In general, there is no problem with suppression of parameters if the object under reference is well understood, and avoiding such an abuse of notation might even make mathematical texts more pedantic and more difficult to read. When this abuse of notation may be confusing, one may distinguish between structures by denoting e.g. $(\mathbb Z, +)$ the group of integers with addition and $(\mathbb Z, +, \cdot)$ the ring of integers; by explicitly defining the topology, metric structure, etc. of interest on $\mathbb R^3$; or by explicitly writing out tuples like $(X, \mathcal{T})$ and $(X, \mathcal{T'})$ to distinguish between different topological spaces with the same underlying set.

=== Function notation ===

One may encounter, in many textbooks, sentences such as "Let $f(x)$ be a function ...". This is an abuse of notation, as the name of the function is $f,$ and $f(x)$ denotes the value of $f$ for the element $x$ of its domain. More precisely correct phrasings include "Let $f$ be a function of the variable $x$ ..." or "Let $x \mapsto f(x)$ be a function ..." This abuse of notation is widely used, as it simplifies the formulation, and the systematic use of a correct notation quickly becomes pedantic.

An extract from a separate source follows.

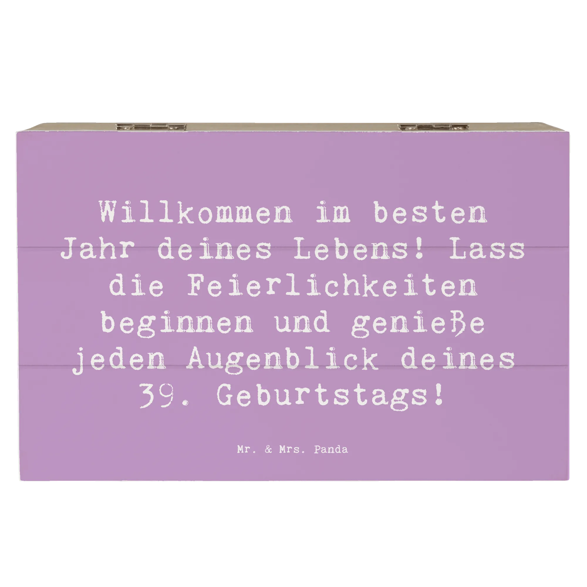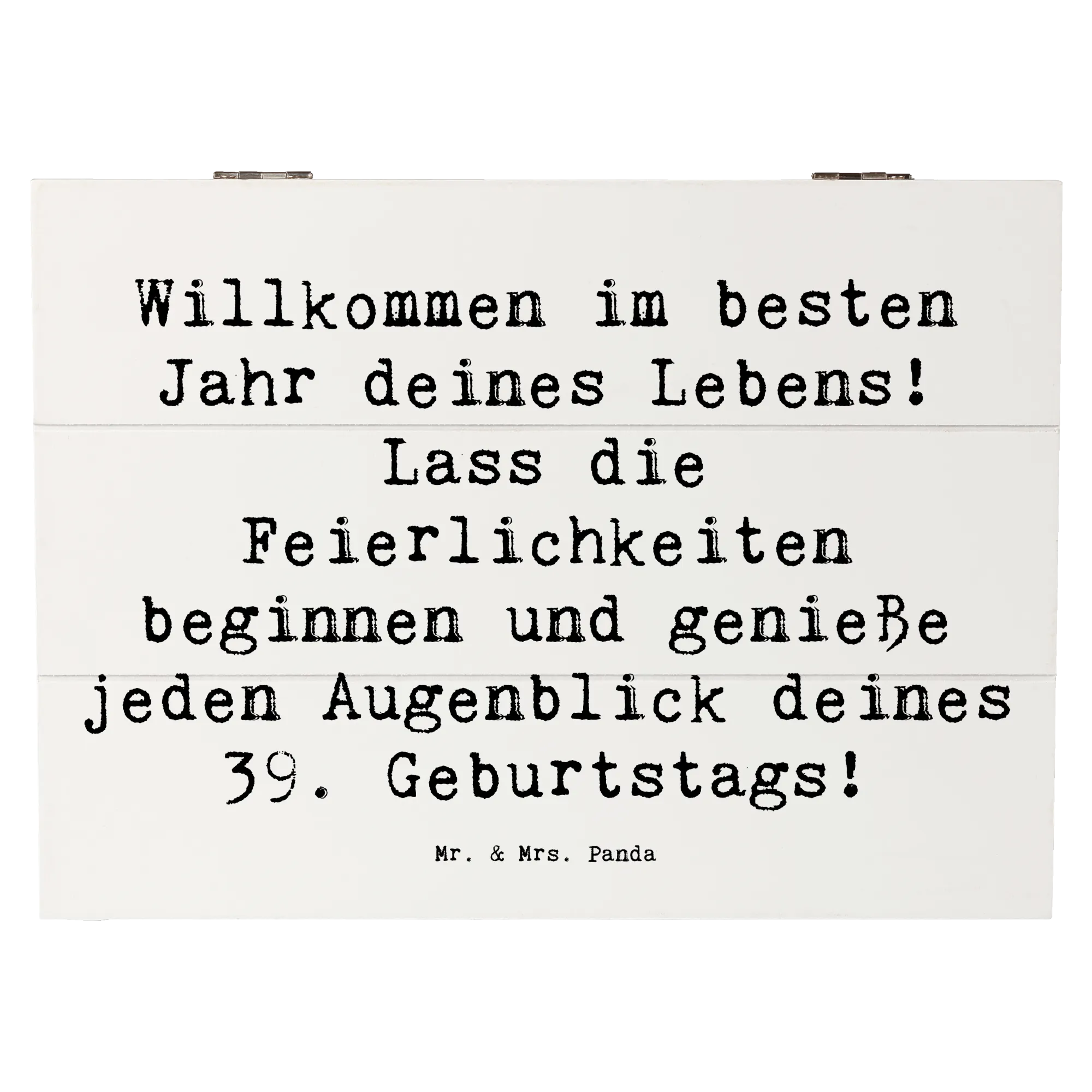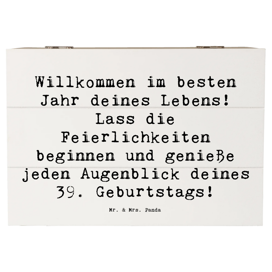 Die wunderschöne Holzkiste von Mr. & Mrs. Panda ist das perfekte Geschenk für alle, die ihren 39. Geburtstag auf eine besondere Art und Weise feiern möchten. Mit dem liebenswerten Spruch "Willkommen im besten Jahr deines Lebens! Lass die Feierlichkeiten beginnen und genieße jeden Augenblick deines 39. Geburtstags!" wird die Kiste zum idealen Begleiter für jeden Jubilar.

Another abuse of notation occurs in sentences such as "Let us consider the function $x^2 + x + 1$ ...", when in fact $x^2 + x + 1$ is a polynomial expression, not a function per se — whereas the function that maps the variable $x$ to $x^2 + x + 1$ could formally be denoted $x \mapsto x^2 + x + 1.$ Similarly, a constant function $f$ may be identified with its value, as in $f = c$, when it would be more correct to write e.g. "$f(x) = c$ for all inputs $x$." Nevertheless, these abuses of notation are widely used, since they are more concise and generally not confusing.

=== Equality vs. isomorphism ===

Many mathematical structures are defined through a characterizing property (often a universal property). Once this desired property is defined, there may be various ways to construct the structure, and the corresponding results are formally different objects, but which have exactly the same properties (i.e., isomorphic). As there is no way to distinguish these isomorphic objects through their properties, it is standard to consider them as equal, even if this is formally wrong.

One example of this is the Cartesian product, which is often seen as associative:
$$(E \times F) \times G = E \times (F \times G) = E \times F \times G$$

But this is strictly speaking not true: if $x \in E$, $y \in F$ and $z \in G$, the identity $((x, y), z) = (x, (y, z))$ would imply that $(x, y) = x$ and $z = (y, z)$, and so $((x, y), z) = (x, y, z)$ would mean nothing. However, these equalities can be legitimized and made rigorous in category theory—using the idea of a natural isomorphism.

Another example of similar abuses occurs in statements such as "there are two non-Abelian groups of order 8", which more strictly stated means "there are two isomorphism classes of non-Abelian groups of order 8".

=== Equivalence classes ===
Referring to an equivalence class of an equivalence relation by $x$ instead of $[x]$ is an abuse of notation. Formally, if a set $X$ is partitioned by an equivalence relation $\sim$, then for each $x \in X$, the equivalence class
$\{y \in X | y \sim x\}$ is denoted $[x]$. But in practice, if the remainder of the discussion is focused on the equivalence classes rather than the individual elements of the underlying set, then it is common to drop the square brackets in the discussion.

For example, in modular arithmetic, a finite group of order $n$ can be formed by partitioning the integers via the equivalence relation "$x \sim y$ if and only if $x \equiv y \ (\mathrm{mod}\ n)$". The elements of that group would then be $[0], [1], \dots, [n - 1]$, but in practice they are usually denoted simply as $0, 1, ..., n-1$.

Another example is the space of (classes of) measurable functions over a measure space, or classes of Lebesgue integrable functions, where the equivalence relation is equality "almost everywhere".

== Subjectivity ==
The terms "abuse of language" and "abuse of notation" depend on context. Writing "f : A → B" for a partial function from A to B is almost always an abuse of notation, but not in a category theoretic context, where f can be seen as a morphism in the category of sets and partial functions.